And when the seven or so white-beaked dolphins finally surfaced past the edge of the ice with nothing but clear water ahead of them, there erupted loud cheers and sirens, hugs, hand-clapping and high-fives.

The dolphins that had captured the hearts of so many in the small Trinity Bay community and beyond were finally free.

“This is a prime example of local ingenuity figuring things out, and to a number of groups working great together,” said Wayne Ledwell, of the Whale Release and Strandings Group based in Portugal Cove-St. Philip’s.

“Nothing like this has been done anywhere. No one else deals with ice entrapment like we do. It’s unique to Newfoundland and Labrador, and unique is the expertise in these rural communities.

“With the Department of Fisheries and Oceans, our group, the local residents, the fire department — everybody was in on this here, and the guys had their immersion suits on and ready to go out to help the dolphins. There were local people giving advice on the winds and tides, and there were people cooking food for us in the fire hall. All of this was pretty amazing.”

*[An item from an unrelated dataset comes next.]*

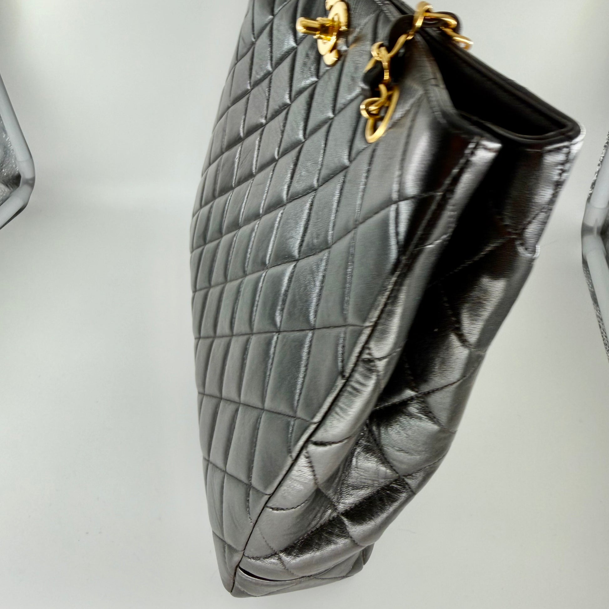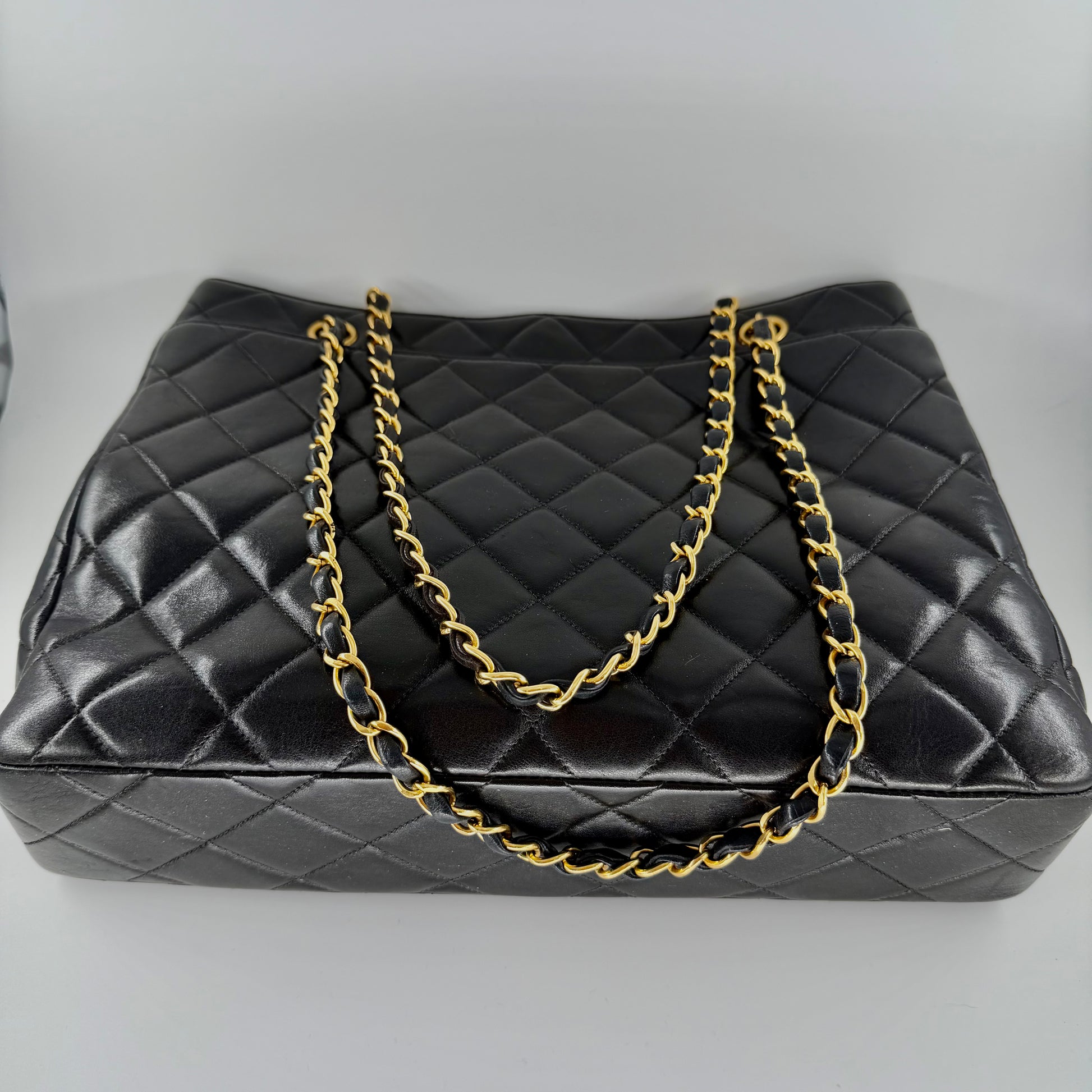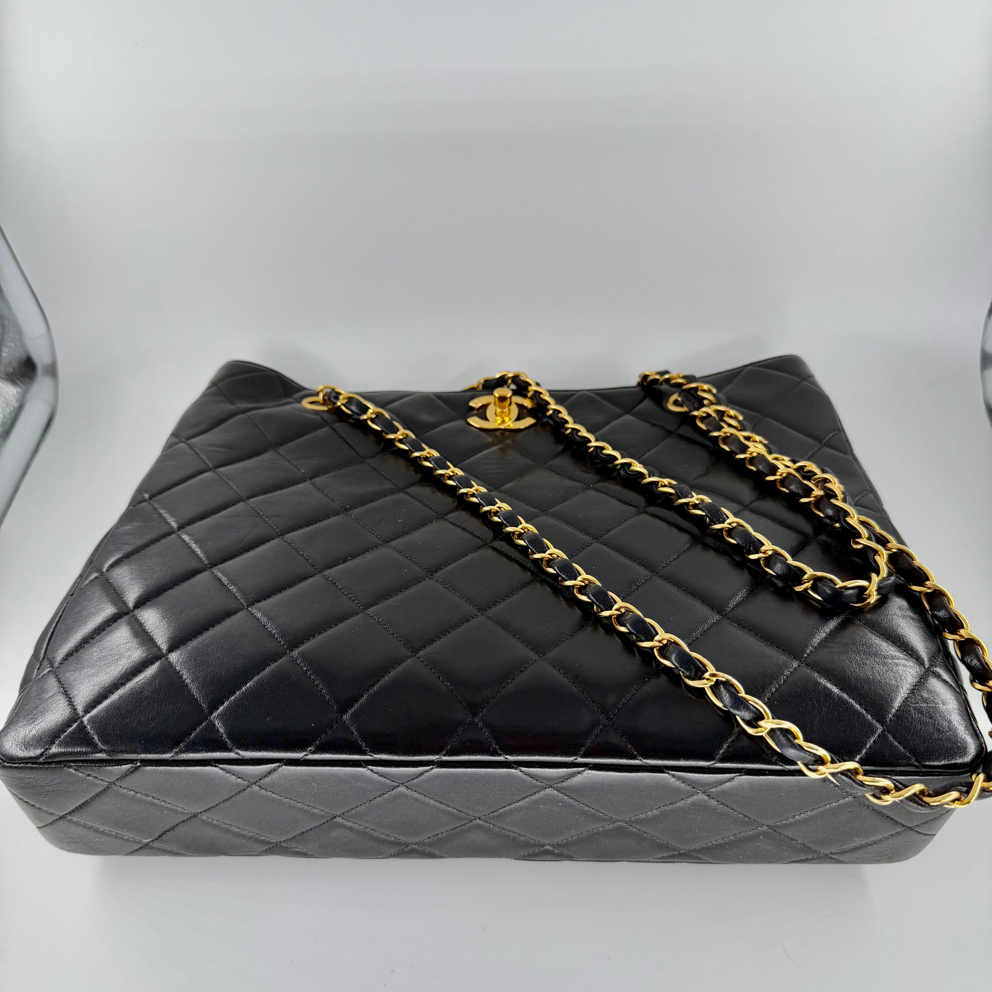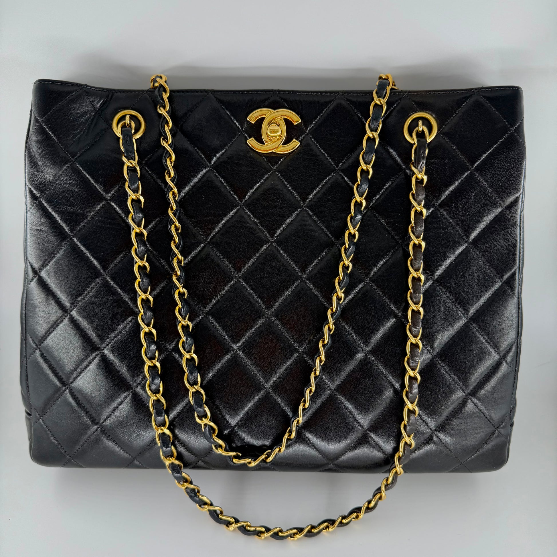Elevate your collection with this Preloved CHANEL Black Quilted CC Tote in luxurious lambskin. Renowned for its signature quilted design and iconic interlocking CC logo, this tote combines timeless elegance with practical sophistication. Crafted from supple lambskin, it offers a smooth texture and durable finish. Its spacious interior seamlessly accommodates essentials, making it ideal for both everyday use and special occasions. A refined accessory that embodies CHANEL’s heritage of craftsmanship and style, perfect for the discerning connoisseur seeking understated luxury.

The white-beaked dolphins became trapped in the harbour by a few hundred feet of pack ice last weekend.

“This is a prime example of local ingenuity figuring things out, and to a number of groups working great together. Nothing like this has been done anywhere. No one else deals with ice entrapment like we do. It’s unique to Newfoundland and Labrador, and unique is the expertise in these rural communities."
Wayne Ledwell,  Whale Release and Strandings Group, based in Portugal Cove-St. Philip’s

Resident Calvin Reid said an extension built last year to the breakwater wharf provided enough of a barrier to allow for an open area of water inside, where the dolphins were able to swim.

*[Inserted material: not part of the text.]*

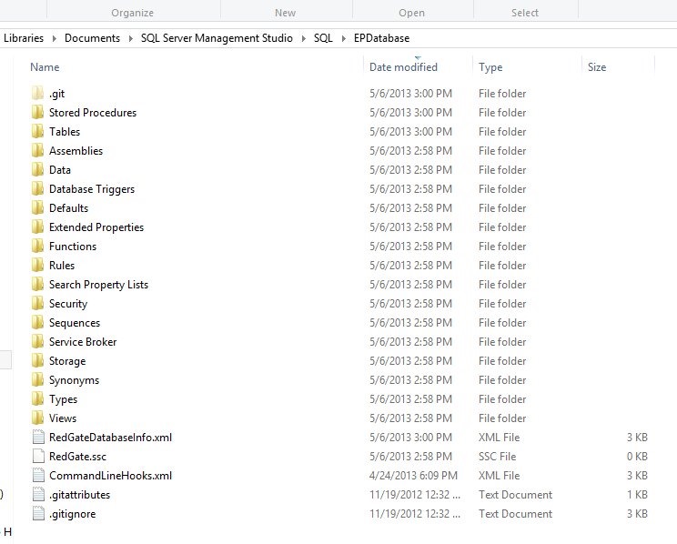 If you have an existing database, this is the situation you’ll find yourself in most of the time. You link it, and commit all the changes. Once you enter a comment (please enter real comments you’ll understand), and press Commit, the objects are added to your folder. If I look at the folder, I see more stuff:

That open area, however, started to freeze over in the evenings as the temperature dropped. Local residents in a fishing boat, and later a DFO boat as well, broke up that surface ice to give the dolphins as much room as possible.

In the meantime, many residents brought fish and caplin from their freezers and tossed it in the water to try to feed the dolphins because there was no food available for them in the shallow harbour.

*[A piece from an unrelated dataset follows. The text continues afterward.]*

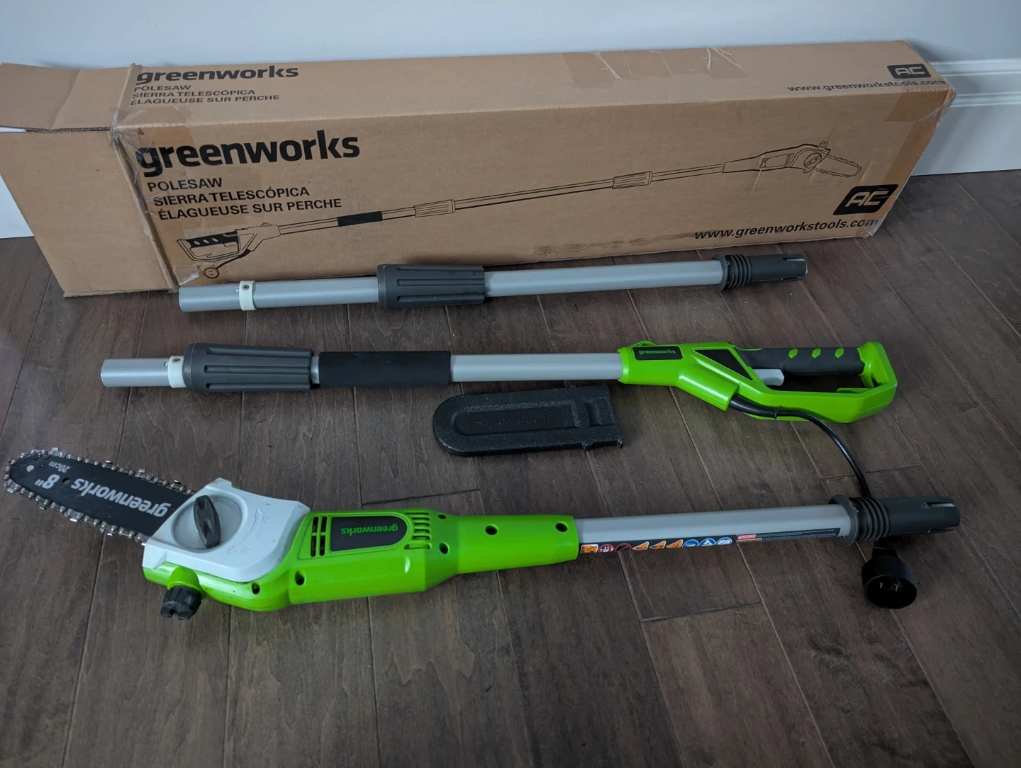 Like new Greenworks mini chainsaw pole saw for sale. Corded, auto oil, 8” inch blade, 6.5Amp powerful motor, up to 8’ feet aluminum shaft extension. $75 FIRM.

As the days passed, hundreds of people — both local residents and visitors — gathered around the harbour taking photos and hoping for the dolphins’ safe escape.

On Wednesday eight fisheries officers, an equal number of local residents and Ledwell remained at the harbour throughout the night in fear that the ice would move in and force the dolphins to beach themselves. If that happened, the groups were ready to capture them and transport them by stretchers to waiting trucks, which would take them to a nearby ice-free cove for release.

With a more favourable wind Thursday morning, the collective minds of all involved decided to take action. The ice outside the harbour started to move away in the current, so it was decided to get excavators onto the breakwater wharf to push ice outside. The DFO boat and a local speedboat were used to push ice toward the excavators.

Gradually the harbour began to clear, but some ice started to move in on the dolphins which, by that time, was confined to a small, shallow corner of the harbour.

Fisheries officers, Ledwell and local residents grabbed steel poles and wood to move pans of ice, and used a small grapnel to help move floating wharf mooring lines out of the way.

Stanley Legge, owner of SGL Construction Ltd. of Heart’s Delight, who is also the local fire department chief, said he got a call from his friend Randy Sooley early in the morning to see if he would bring an excavator to the wharf.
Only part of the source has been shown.